Code Projects

Code projects (or code repositories) are git-based repositories to store your ML function. These are either Models or Data Operations (Data Ops) or Data Visualizations.

The idea is that each code project hosts a specific and atomic function. This way, you and your team (or the entire community) can use this script freely and project unbound within the built-in datapipelines within the ML projects (the other tab in the dashboard).

For example: You might create a code project just to rotate images. Or, you just create a new model (algorithm) that you want to share.

You can create new code projects using the dashboard view when selecting the corresponding card. Remember to set the visibility level according to your objective (as these will be passed on to the published code modules)

Please keep in mind that you need to publish your code project before it is discoverable and usable within the data-pipelines!

Publishing a code project

Publishing a code project will containerize your script with all required packages and environment variables and make your function discoverable and usable within the data pipelines in MLReef. Use a model repository to publish a new model (or algorithm) that then can be found and used in the experiment section within a ML project.

We call a published code repository a code module, as these are modules then you or your team can use atomically in the data pipelines.

In your code repository you will find a publishing wizard (accessible via the publish button). Follow these instructions to start an automatic publishing pipeline to publish your code.

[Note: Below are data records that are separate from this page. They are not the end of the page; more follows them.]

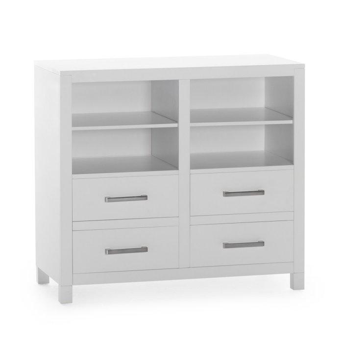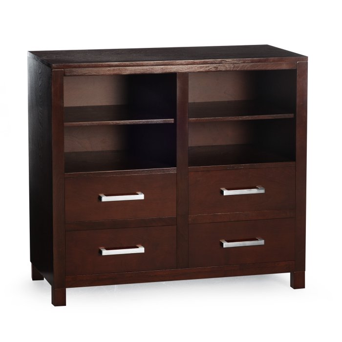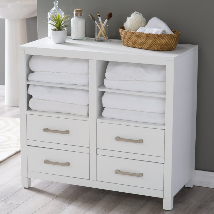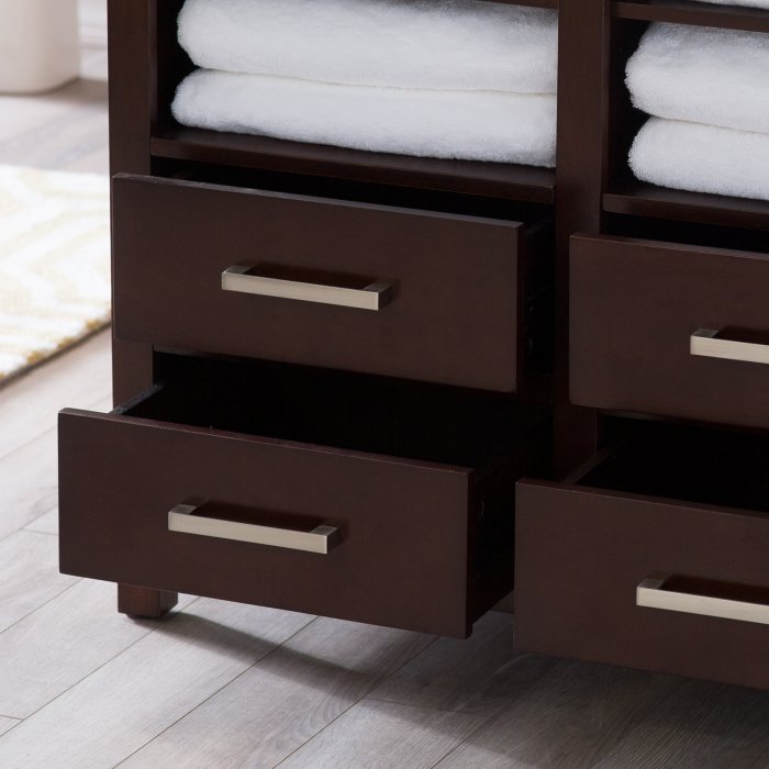 Keep fresh linens, paper products, and toiletries clean and close-at-hand in this Bathroom Floor Cabinet. Crafted with durable MDF and solid hardwood (some color options with birch veneers), this small-scale storage unit boasts four open shelves - two of them adjustable - for towels and washcloths. Beneath, four drawers offer spots to stash styling tools and toiletries. Contemporary brushed nickel hardware throughout complements the sleek finish of your choice. Assembly required.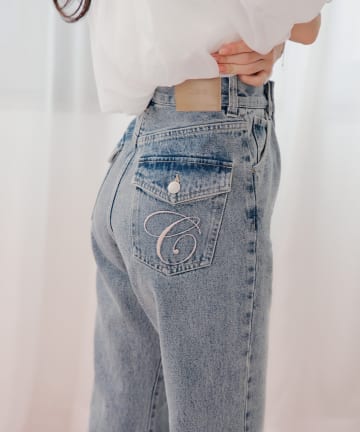 ポケットデザインワイドデニム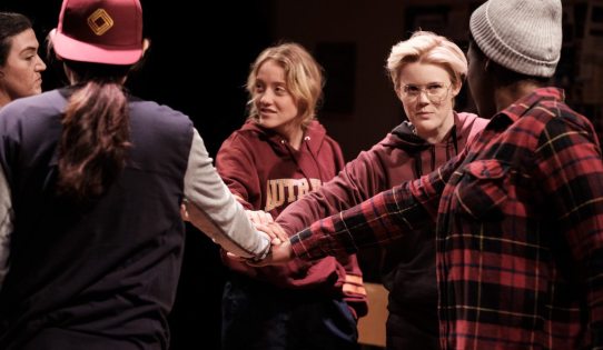 Examining this very issue, MJ Kaufman produces Sensitive Guys. This piece of writing is a nothing short of brilliant diagnosis, in the explosive microcosm of the university, of the complexities arising from the process of untangling misogyny, patriarchy and the everyday horrific violence perpetrated upon women. Embedded in the play itself are the problems associated with this work that produce an overwhelming invisibility that render women’s voices mute. MJ Kaufman cleverly makes gender identification fluid, which gives us the opportunity to ‘see’ identifiable narratives upturned at the point of delivery. Immediately obvious is ‘women playing men’ that occurs when the actors identifying as female (in a powerhouse first scene change) change clothing and behavior to become male, and perform male roles. We ‘see’ male behavior differently because it is delivered by someone we ‘know’ to be female. Even more interesting, when the actors change ‘back’ into women, their narrative is enhanced by their previously being ‘men.’ This enormously clever conceit immediately reveals our essential sanctioning of, in this instance, rape culture, as ‘witness.’ By successfully transforming the gender identification of the actors, MJ Kaufman teaches us about ourselves.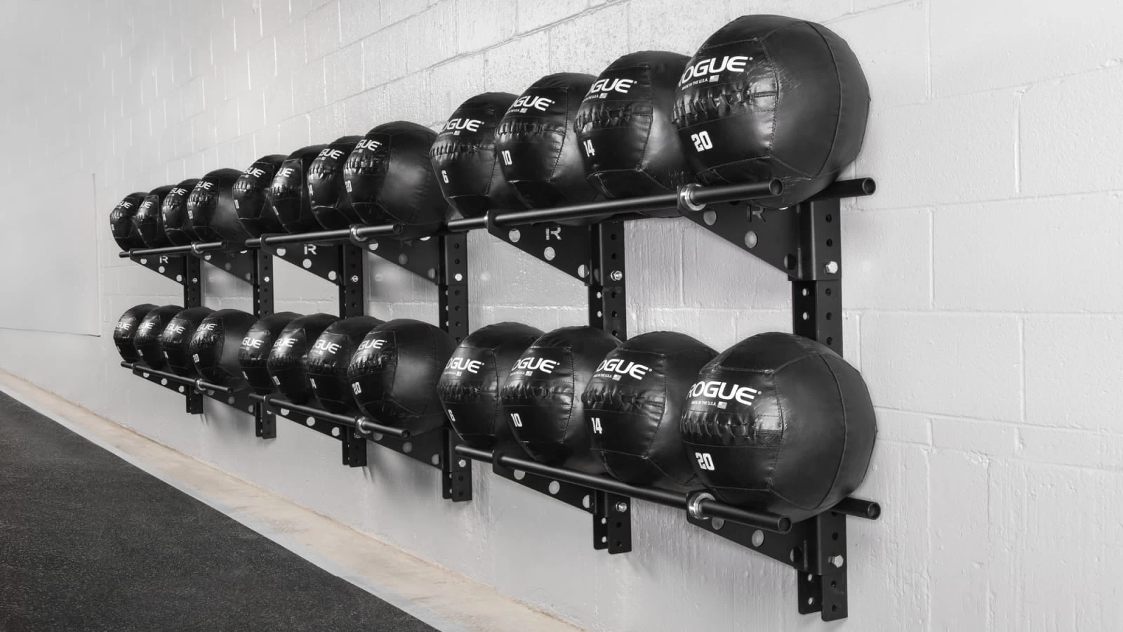 For any gym with more than a few medicine balls and less than enough storage space, Rogue Swiss Brackets are the zero footprint solution. Sold in pairs, these 0.1857″ thick laser cut steel brackets (packaged with a set of four shaft collars) allow gym owners to install a customized, wall-mounted medball storage rack in virtually any size training space.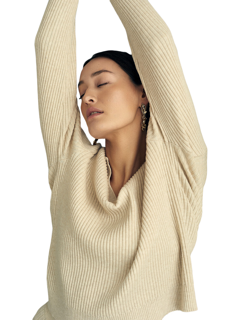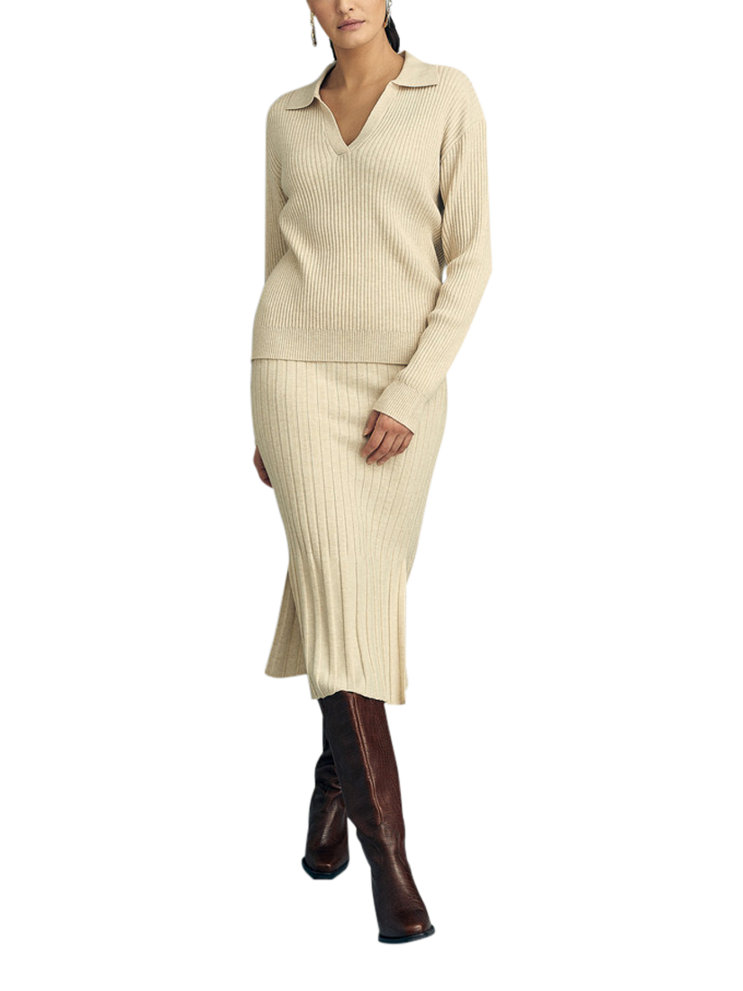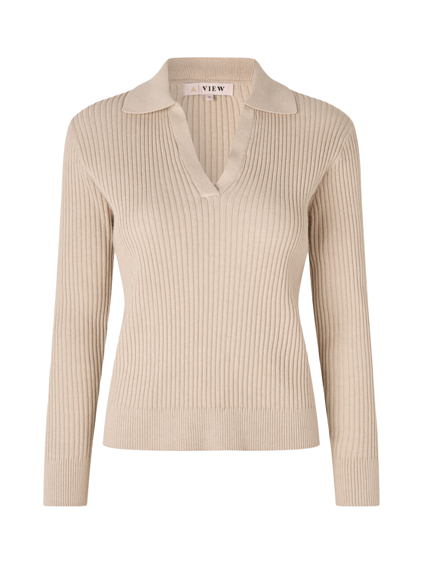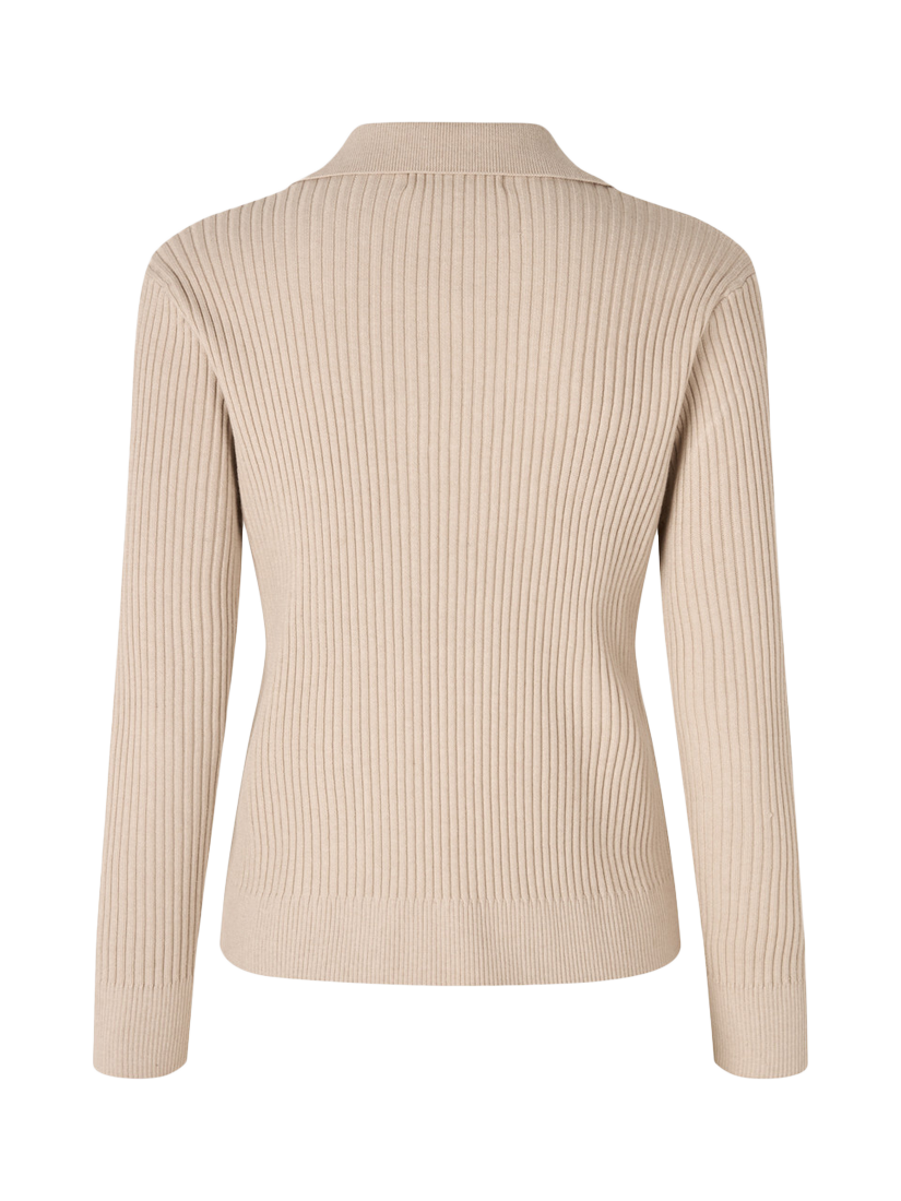The Freja knit blouse is a long-sleeved blouse in knitted rib pattern. The blouse features a collar and V-neckline. The blouse fits true to size.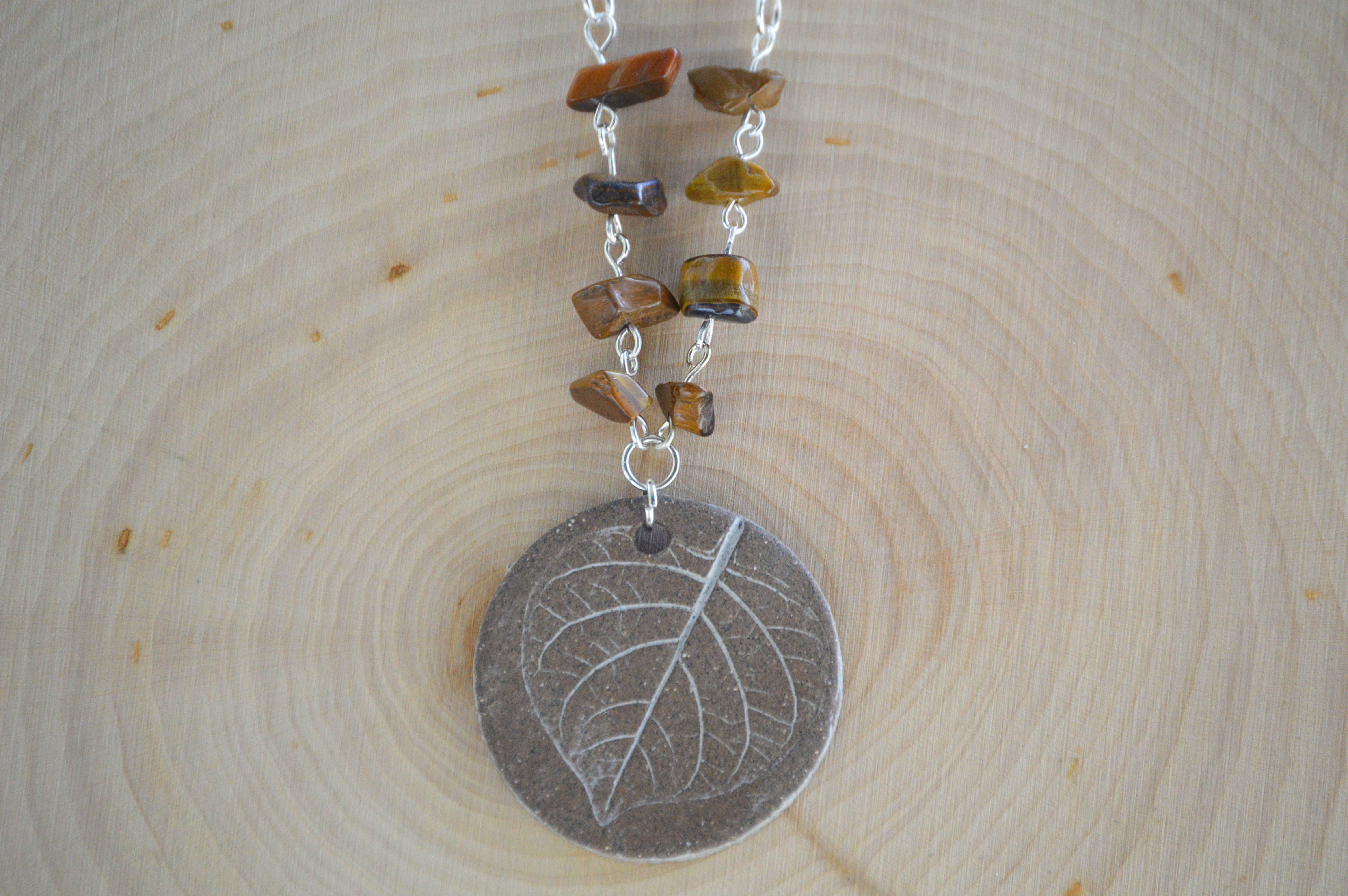 This gorgeous necklace is the perfect accessory for any outfit. It has one clay leaf pendant attached to a hand linked gemstone chip chain. The gemstones in this necklace are tiger’s eye. This necklace is on a fine cable chain and it is approximately 22” long with a 1.5” pendant.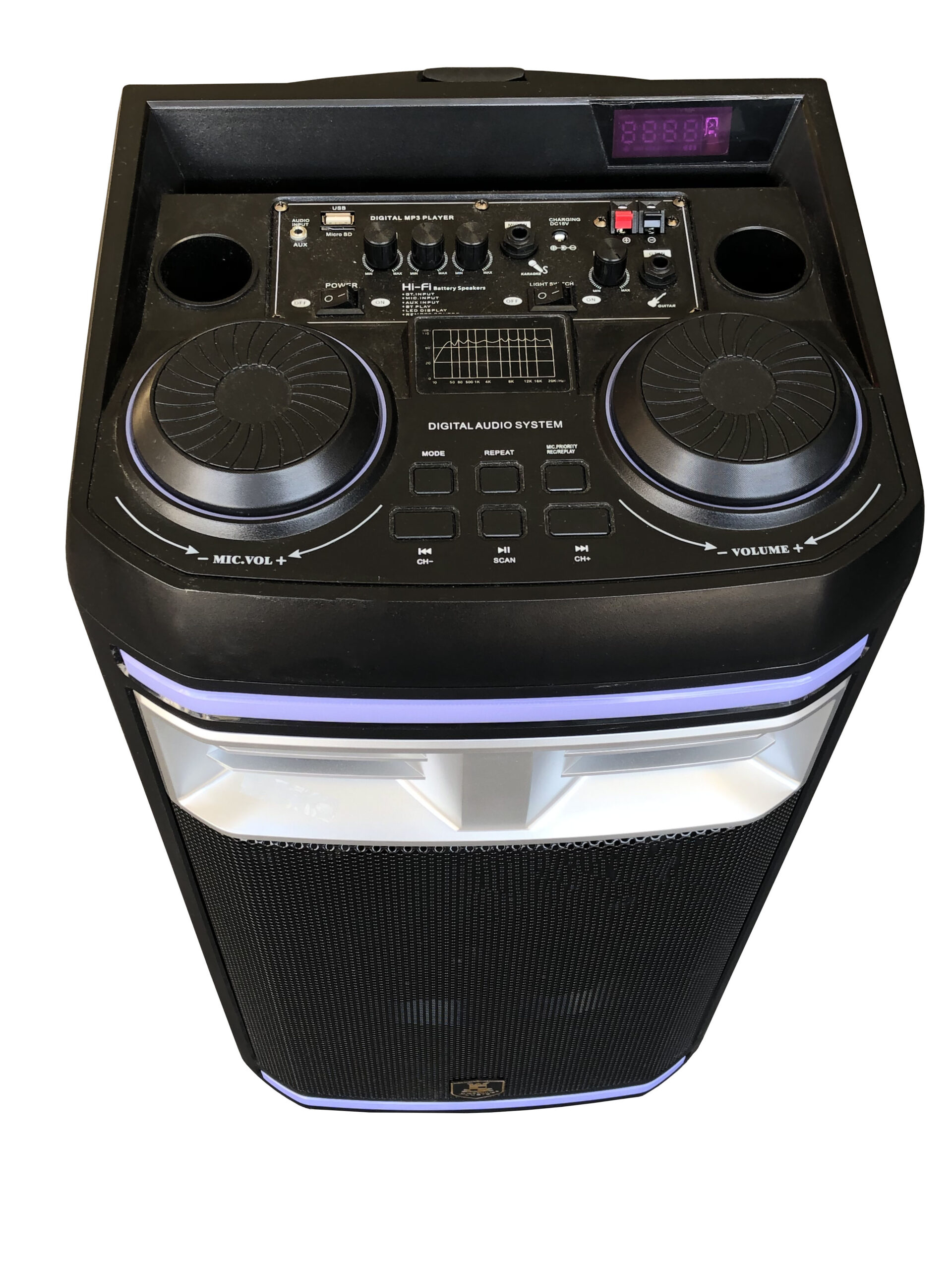 – Flashing lights on speaker grills and top knobs

In order to publish, you will need the following files placed in your master branch in your code project:

  • Use at least one python file that serves as an entry point for your ML function. This python file should contain the parameter annotations to make the parameter adjustable later on.
  • You will also need a requirement.txt file (named exactly reuirement.txt) that describes the libraries (packages) your script requires. Please do not forget to include the version, for example by adding ==1.0 after the package.

If your code project (repository) is set to private, the usable code module in the data pipelines will inherit this setting. If you only have access to the code repository, then you will only be able to view and use it.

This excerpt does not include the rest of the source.